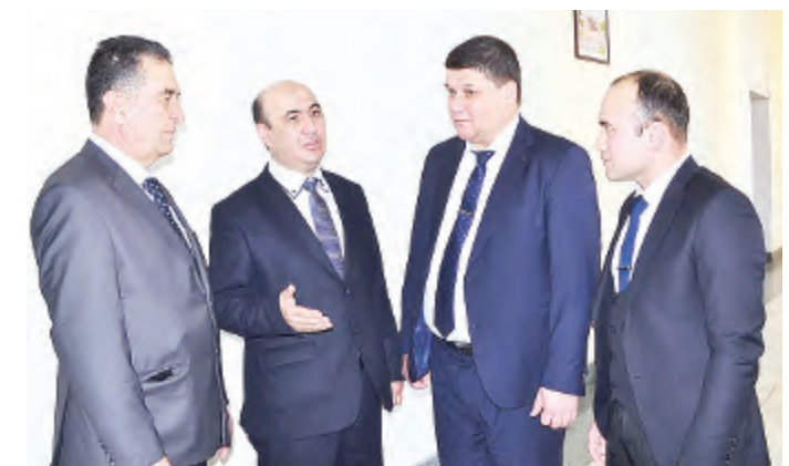
Рустам ХОЛМУРОДОВ, Самарқанд давлат университети ректори, профессор, Олий Мажлис Сенати аъзоси:

— Президентимиз Шавкат Мирзиёевнинг инсон ресурсларидан оқилона фойдаланиш борасидаги сиёсати бугун нафақат Ўзбекистонда, балки хорижда ҳам халқаро экспертлар томонидан эътибор этилмоқда. Буни Самарқанд давлат университетида “Инсон ресурслари: муаммолар, ечимлар ва истиқболлар” мавзусида ўтказилган халқаро анжуман иштирокчилари ҳам тасдиқлашди. Ўзбекистонда бугун инсон ресурсларини тадқиқ этиш бора-сида ҳам катта таъриба тўпланди. Навбатдаги вазифа инсон ресурсларини фан, илм даражасига чиқариш, бу борада хориж таърибасини ўрганиш ва таҳлил қилишдан иборатдир.
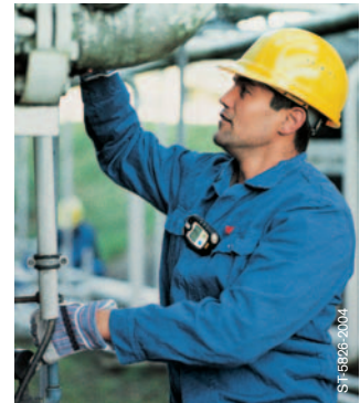
Dräger Pac 7000: Zuverlässig im täglichen Einsatz.

Für weitere Informationen siehe: www.draeger-safety.de/pac
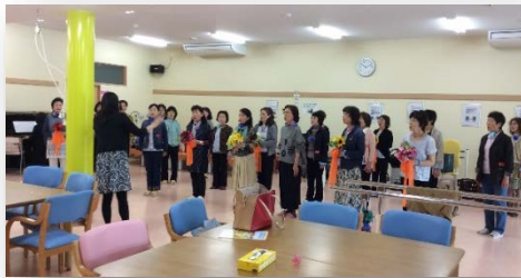
ママさんコーラスの練習

多目的室は自治会や老人会の会合や健康教室など、また地域の皆様の集会所やサロンとして開放しております。また、休業日（日祝日）は地域皆様の団体活動（コーラス、舞踊などの練習）へも無料で開放しております。お気軽にお問い合わせください。
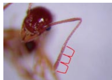
大頭家蟻屬錘節 3 節
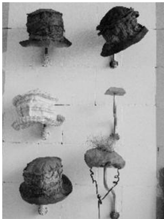
Kunst ontkiemt in de Zeepfabriek

De Zeepfabriek, Dobbelmanterrein, Graafsedwardsstraat 14, Nijmegen http://zeepfabrieknijmegen.blogspot.com /Zeep zaait
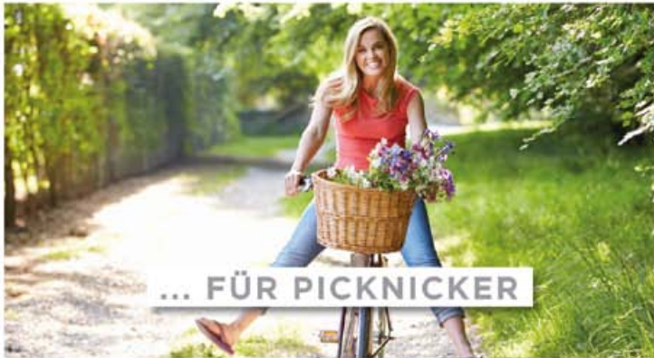
... FÜR PICKNICKER
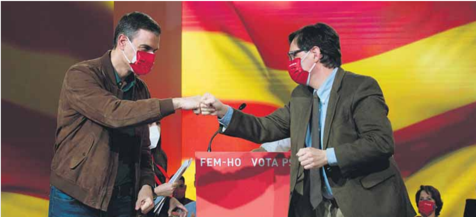
Pedro Sánchez feia costat a Salvador Illa en el míting de cloenda d’una campanya que el PSC ha fet telemàticament i amb un mínim aforament presencial

Reclama el vot dels que volen “tranquil·litat i estabilitat” i volien el canvi amb Ciutadans el 2017. Tot i negar-se a invertir cap independentista, el PSC s’ofereix com el reconciliador entre els blocs
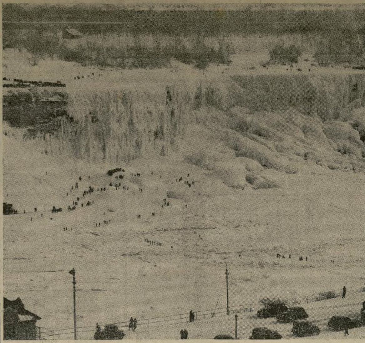
Las famosas cataratas, completamente heladas, permiten el paso del público de un lado al otro. El puente de hielo de abajo, sin embargo, se encontró que estaba formado por una capa delgada que pudo haber puesto en peligro la vida de los que caminaban sobre él.
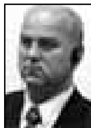
VLADIMIR ŠANTIĆ Osuđen za progone, ubistvo i nehumana djela

● aktivno je učestvovao u vojnom napadu na civile u selu Ahmići tokom kojeg je preko 100 civila ubijeno, a 169 muslimanskih domova je porušeno. Njegovo prisustvo na mjestu napada, kao lokalnog zapovjednika "Džokera" i vojne policije, poslužilo je kao ohrabrenje njegovim podređenim da počine zločine.
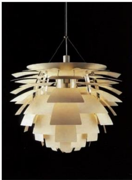
PH灯 1957 亨宁森（丹麦）
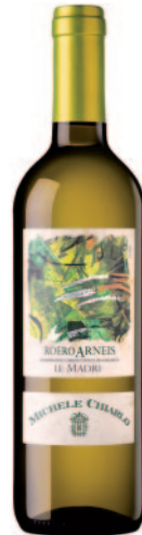
LE MADRI ROERO ARNEIS
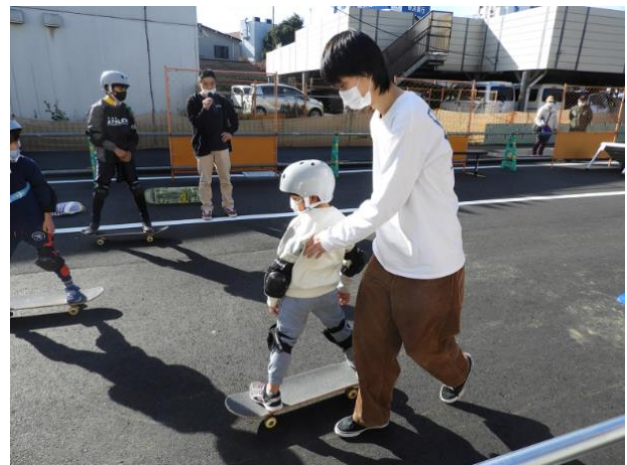
スケートボード体験会（イメージ）
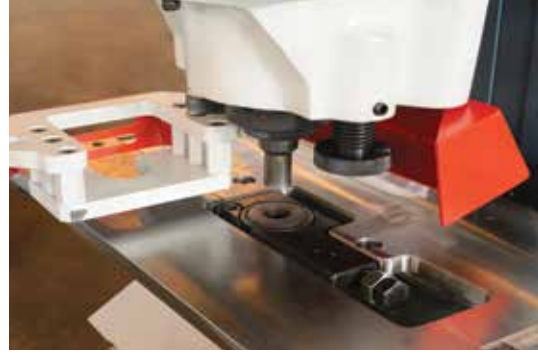
Kolay Açılabilen Sıyrıcı Sistemi

Delik delme istasyonu kafa kısmındaki çok kullanımlı olması için tasarlanmıştır. Çalışma tablasının dizaynı geniş kullanım imkânı sağlamaktadır. Bu düz plakaların delinmesini, flanş, aç ve kanallar buna dahildir. Bu istasyon standart olarak çabuk değişebilen alt ve üst kalıp tutucularıyla birlikte verilmektedir, buna kolay çıkarılabilen sıyrıcılar da dahildir. Buna ayrıca yatay ve dikey dayamada dahildir. Bu özellik genellikle tekrarlanarak kullanılan parçalar için çok uygundur. Delik delme istasyonunda farklı ölçülerde delik delinebilmektedir ve bükme aparatı sayesinde sac bükümü de yapılabilmektedir.
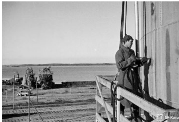
Osa sotavangeista oli ammattimiehiä, joita ilman Viipurin jälleenrakennus olisi ollut huomattavasti hitaampaa. Kuvassa sotavanki korjaamassa öljysäiliötä syyskuussa 1941. 53868.

Viipurissa osa sotavankien majoitustiloiksi suunnitelluista rakennuksista paljastui venäläisten jäljiltä niin huonokuntoisiksi, että niitä ei voitu heti käyttää edes sotavankien majoittamiseen. Viipurin lääninvankilaan suunniteltiin syyskuun alussa sijoitettavaksi 1 500 vankia, mutta vankila oli korjattavana vielä marraskuussa 1941. Tiloja ei sitten koskaan saatu sotavankileirin käyttöön. Sen sijaan Neitsytniemen kasarmeilta löydettiin tilat 2 000 vangille ja Tervaniemen kasarmeille sijoitettiin syksyn mittaan suunnilleen saman verran sotavankeja. Loput sotavankileiri 6:n vangit sijoitettiin kaupungin ulkopuolelle Sommeen, Römpötin, Kaukjärven, Heinjoen, Säkijärven, Särkijärven ja Tuomiojan leireille, joilla oli parhaimmillaan yhteensä 200 työpistettä. Alaleirien majoitustilat olivat enimmäkseen pahvi- tai lautaparakkeja, joissa oli kamiina tai muurattu uuni. Tilanahtaus oli joillain alaleireillä ajoittain merkittävä, toisilla taas oli paljonkin tilaa. Tilanne vaihteli päivästä toiseen riippuen siitä, olivatko alaleirin vangit majoitettuna
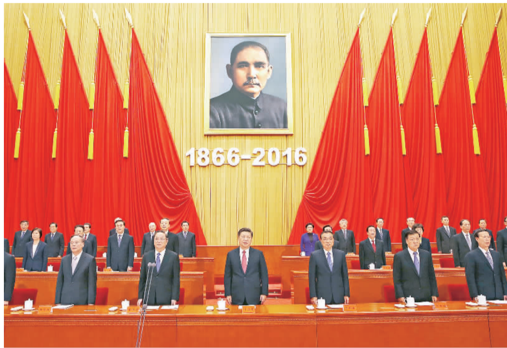
11月11日,纪念孙中山先生诞辰150周年大会在北京人民大会堂隆重举行。中共中央总书记、国家主席、中央军委主席习近平在大会上发表重要讲话。
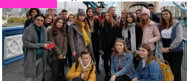
Warsztaty językowe w Londynie

Przedmioty w rozszerzeniu: j. polski, historia oraz do wyboru: j. angielski, j. niemiecki, j. rosyjski, informatyka, wos, geografia. Poznacie j. łaćski. Współpraca z UMCS i IPN. Zajęcia dodatk. „Kultura antyczna”
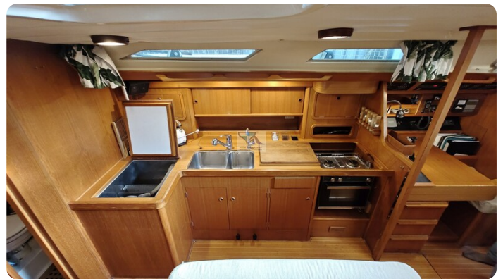
Grand Soleil 45 101
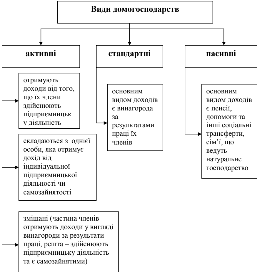
Рис. 2. Класифікація домогосподарств залежно від участі в економічному обміні*
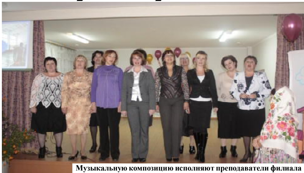
Музыкальную композицию исполняют преподаватели филиала

Череду поздравлений продолжил праздничный концерт. Как всегда на небольшой сцене актового зала было много песен и зажигательных танцев. Порадовали зрителей своим выступлением студия бального танца «Максимум». Много музыкальных композиций прозвучало в исполнении преподавателей этого заведения.
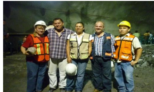
Unión del túnel en I Autopista México - Tauxpán
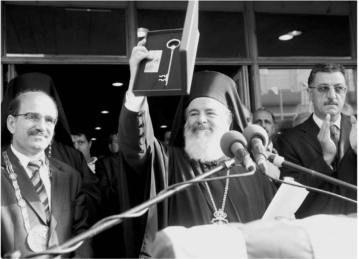
Ὁ Μακαριώτατος παραλαμβάνει ἀπὸ τὸν Δήμαρχο Παραλιμνίου τὸ χρυσοῦ κλειδί τῆς πόλεως.

στικῆς ἀναβαθμίσεως τῆς περιοχῆς ἀποτελεῖ ἡ ἀπόφαση τῆς Ἱερᾶς Συνόδου τῆς Ἐκκλησίας τῆς Κύπρου γιὰ τὴν ἵδρυση Ἱερᾶς Μητροπόλεως Ἀμμοχώστου μὲ προσωρινὴ ἔδρα τὴν πόλη σας, μέχρι νὰ ἔλθῃ ἡ εὐλογημένη μέρα πού θὰ ἀναστηθῇ ἡ νεκρὴ ἐπὶ τρεῖς καὶ πλέον δεκαετίες πόλη τῆς Ἀμμοχώστου.
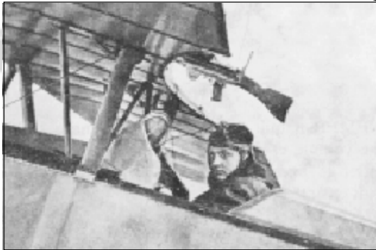
En mars 1916, Georges Guynemer à bord de son Nieuport.
= = = =
## [PROBLEM]
Reproduce exactly the lines above starting at the line containing "Für weitere Informationen" and ending at the line containing "Pedro Sánchez feia", including both, but not the pictures.

## [ANSWER TO THE EXERCISE]
Für weitere Informationen siehe: www.draeger-safety.de/pac
ママさんコーラスの練習

多目的室は自治会や老人会の会合や健康教室など、また地域の皆様の集会所やサロンとして開放しております。また、休業日（日祝日）は地域皆様の団体活動（コーラス、舞踊などの練習）へも無料で開放しております。お気軽にお問い合わせください。
大頭家蟻屬錘節 3 節
Kunst ontkiemt in de Zeepfabriek

De Zeepfabriek, Dobbelmanterrein, Graafsedwardsstraat 14, Nijmegen http://zeepfabrieknijmegen.blogspot.com /Zeep zaait
... FÜR PICKNICKER
Pedro Sánchez feia costat a Salvador Illa en el míting de cloenda d’una campanya que el PSC ha fet telemàticament i amb un mínim aforament presencial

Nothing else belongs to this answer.